Databrew provides a command-line interface for running crawls and managing state.

Commands Overview

databrew [-h] {run,status,list,check,init} ...

Commands:
  run       Run extraction from config
  status    Show crawl status
  list      List available configs
  check     Validate config file
  init      Generate a starter config file

run

Run extraction from one or more config files.

databrew run [OPTIONS] CONFIG [CONFIG ...]

Options

Option Description
-v, --verbose Verbose output
-n, --limit LIMIT Max requests to process
-c, --concurrency N Concurrent requests (default: 5)
--start-urls FILE File with additional start URLs
--full-crawl Ignore caught-up detection
--dry-run Validate without fetching
--fresh Force fresh crawl
--retry-failed Retry only failed URLs from previous runs
--on-start CMD Shell command before crawl (exit non-zero to abort)
--on-failure CMD Shell command on consecutive failure stop (exit 0 to resume)
--on-complete CMD Shell command after crawl finishes

Examples

# Basic run
databrew run mysite.toml

# Limit to 50 requests
databrew run mysite.toml -n 50

# With custom concurrency
databrew run mysite.toml -c 10

# Force fresh crawl
databrew run mysite.toml --fresh

# Retry only failed URLs
databrew run mysite.toml --retry-failed

# Dry run (preview)
databrew run mysite.toml --dry-run

# Multiple configs (batch mode)
databrew run examples/*.toml -n 100

# With lifecycle hooks
databrew run mysite.toml --on-failure "python scripts/recover.py {name}"
databrew run mysite.toml --on-start "echo start" --on-complete "echo done"

Hook CLI flags override values from the [hooks] config section.
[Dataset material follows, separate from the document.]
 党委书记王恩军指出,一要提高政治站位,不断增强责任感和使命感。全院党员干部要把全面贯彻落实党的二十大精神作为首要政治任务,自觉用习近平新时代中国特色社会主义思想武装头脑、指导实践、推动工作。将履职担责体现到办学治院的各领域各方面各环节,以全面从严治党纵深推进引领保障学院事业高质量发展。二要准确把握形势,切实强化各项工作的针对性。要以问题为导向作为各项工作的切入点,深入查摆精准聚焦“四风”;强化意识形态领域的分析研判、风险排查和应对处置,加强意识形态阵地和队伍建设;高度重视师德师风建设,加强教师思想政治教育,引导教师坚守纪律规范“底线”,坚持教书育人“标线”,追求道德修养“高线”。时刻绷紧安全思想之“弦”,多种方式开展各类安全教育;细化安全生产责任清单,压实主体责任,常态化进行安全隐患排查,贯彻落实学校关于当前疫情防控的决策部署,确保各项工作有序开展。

See Lifecycle Hooks for details.

Resume Behavior

By default, databrew automatically resumes interrupted crawls:

  • If the URL queue has pending URLs → resume (continues from where it stopped)
  • If the queue is empty → fresh start (adds start_urls)
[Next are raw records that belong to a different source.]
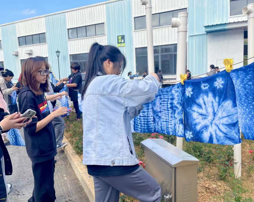 同学们把对党的二十大精神的理解,以及中华传统优秀文化等融入进一道道工序的雕琢、等待中。在老师的指导下,同学们争相为自己的作品起了与党的二十大报告关键词相连的名字:复兴之路、江山、美丽中国、一带一路……通过了解传统技艺,体验扎染和竹编的独特艺术魅力,同学们从内心由衷地生发出劳动的喜悦与创新的自豪,同时也感受到了中国传统文化的魅力所在。
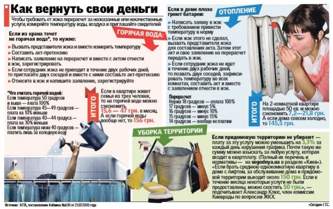 Wenn die Dauer der Reparaturmaßnahmen die gemäß den Normen zugewiesene Zeit überschreitet, ist der Wärmeversorger verpflichtet, die Zahlung neu zu berechnen. Der Wert verringert sich für jede zusätzliche Stunde unterbrochener Wärmeversorgung um 0,15%. Gemäß den Regeln muss dieselbe Neuberechnung für die gesamte Zeit durchgeführt werden, in der die Temperatur in den Wohnungen unter der zulässigen Temperatur (18 ° C) lag. In diesem Fall kann der abgezogene Zahlungsbetrag nicht höher sein als der Betrag für den gesamten Zeitraum, in dem den Heizkörpern nicht genügend Wärme zum Heizen zugeführt wurde. In einigen Fällen erlaubt die Verordnung die vollständige Befreiung der betroffenen Einwohner von der Zahlung.
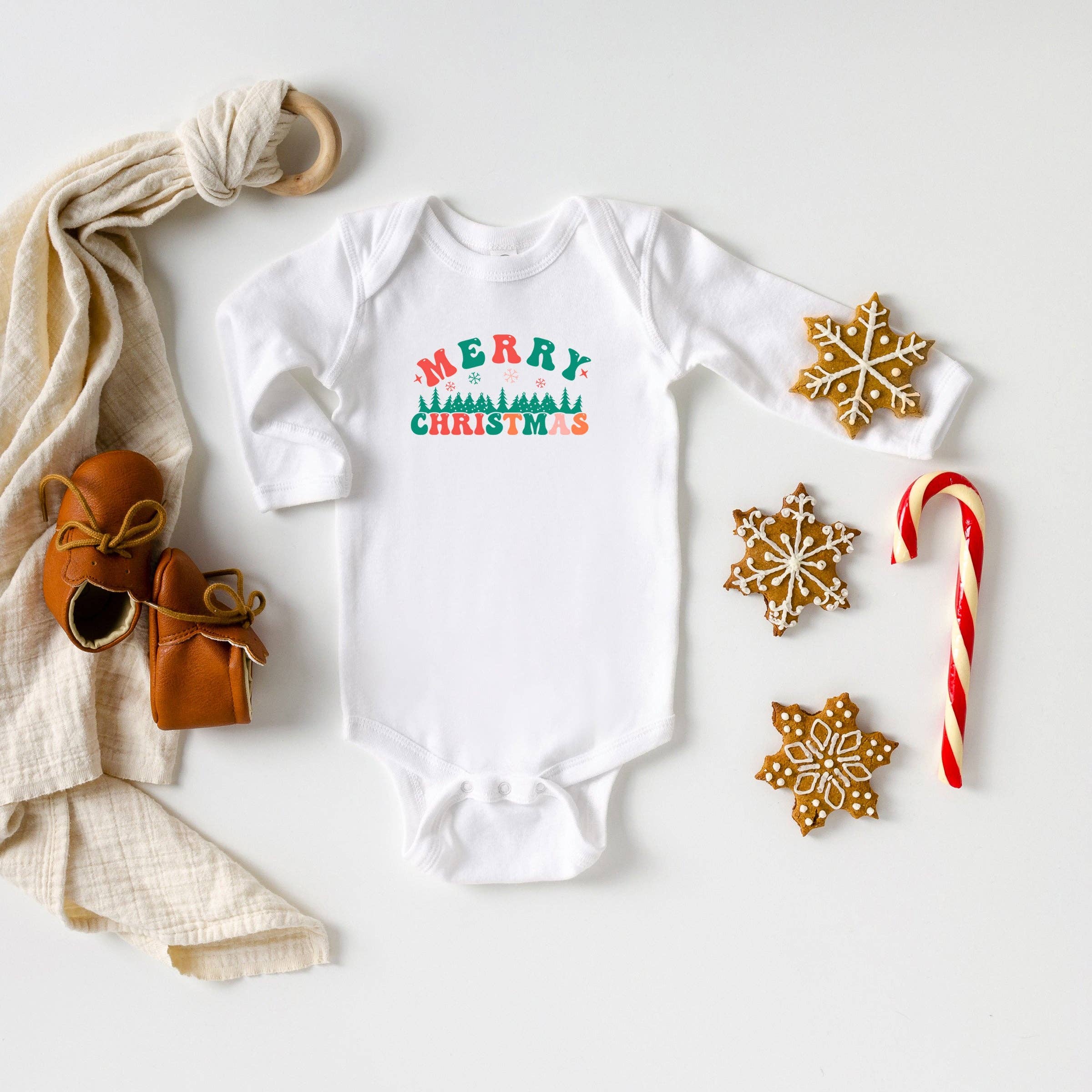 The perfect long-sleeve snapshirt to celebrate baby's first Christmas in. 0-3 month size features foldover cuffs on wrists to keep little hands warm. • Material: 95% Cotton, 5% Spandex • Care Instructions: Machine Wash Cold. Tumble Dry Low.
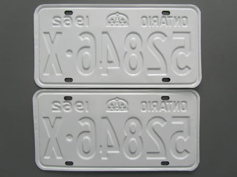 1962 YOM Clear Ontario License Plates
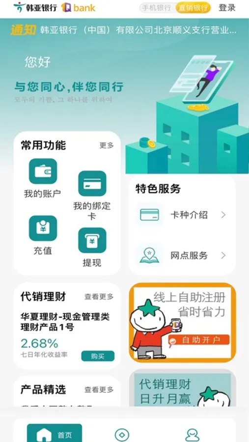 通过一个App将直销银行、手机银行完美地结合在一起,您只需滑动屏幕就可以完成切换。

Use --fresh to force a fresh crawl even if URLs are pending.

Use --retry-failed to process only URLs currently in failed state. This skips start URL seeding and temporarily defers pending/in-progress URLs.

status

Show crawl status and statistics.

databrew status CONFIG

Example Output

Status for: realethio
  Storage: data/realethio
  Items stored: 1763
  Storage files: 3
    - part_000001.parquet
    - part_000002.parquet
    - part_000003.parquet
  URLs pending: 0
  URLs completed: 1996
  URLs failed: 0

check

Validate a config file without running.

databrew check [-v] CONFIG

Examples

# Basic validation
databrew check mysite.toml

# Verbose output
databrew check mysite.toml -v

init

Generate a starter config file.

databrew init [OPTIONS] [NAME]

Options

Option Description
--url URL Start URL for the site
--type TYPE Extraction type: html or json
-o, --output PATH Output file path

Examples

# Generate HTML config
databrew init mysite --url "https://example.com" --type html

# Generate JSON API config
databrew init myapi --url "https://api.example.com/items" --type json

list

List available config files in a directory.

databrew list [DIR]

Exit Codes

Code Description
0 Success
1 Error (invalid config, crawl failure, etc.)